She stumbled down Rue Des Martyrs, ignoring the tears that washed the thick stage make-up off her face. The name of the street suited her well.

As she turned the corner, she heard a familiar croaking voice. Dropping a euro into her favourite homeless person's basket, she bent down and patted the blonde chihuahua in the lady's lap.

Standing up, Blanche looked at the blue and white street sign riveted to the brick wall opposite. She'd always been a martyr to her beauty, now her beauty was fading and her services at the Moulin Rouge were no longer required. All she had to fall back on was her nursing training which she'd never used, having been enchanted by the bright lights of the stage.

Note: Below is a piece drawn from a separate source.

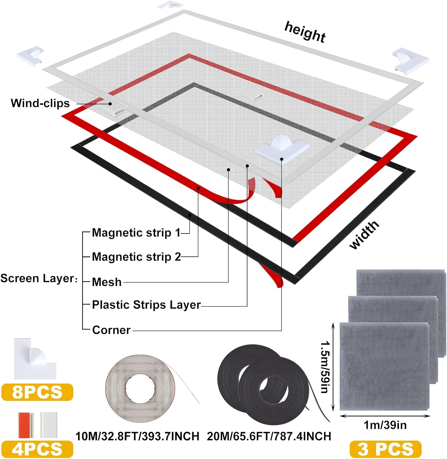 Features: The usage method of our adjustable magnetic window screen mesh is simple and straight-forward. Whenever required, just remove the screen from the window, rinse thoroughly, and then let it dry before reattaching it back to the window. This ensures the net is clean and long lasting. To ensure our magnetic DIY window mesh screen kit fits your window correctly, make sure to measure your window before ordering. This extra step will ensure that your window screen fits well, bright indoor living experience you deserve. Specifications: Material: Net: fiberglassColor: as shownSize: Net: 59'' x 39'' PVC Stripe: 32.8 ftMagnet Stripe: 65.6 ft Package includes: 3 x Net1Roll PVC stripe 1 Roll magnet stripe: 12 x AccessoriesNotes: Manual measurement, please allow slight errors on size. The color may exist a slight difference due to different screen displays.

Marcel's words exploded in her head as she lurched on down the street, away from the artists at the Place Teatre at Montmartre who always wanted to paint her likeness; all she wanted to do was to shut out images of the dance hall that had been her life for the past ten years, but she couldn't shut out Marcel, never could.

"Moulin Rouge is not your whole life, Blanche, it's just an experience along the way. Your life, your calling, the best, is yet to be revealed."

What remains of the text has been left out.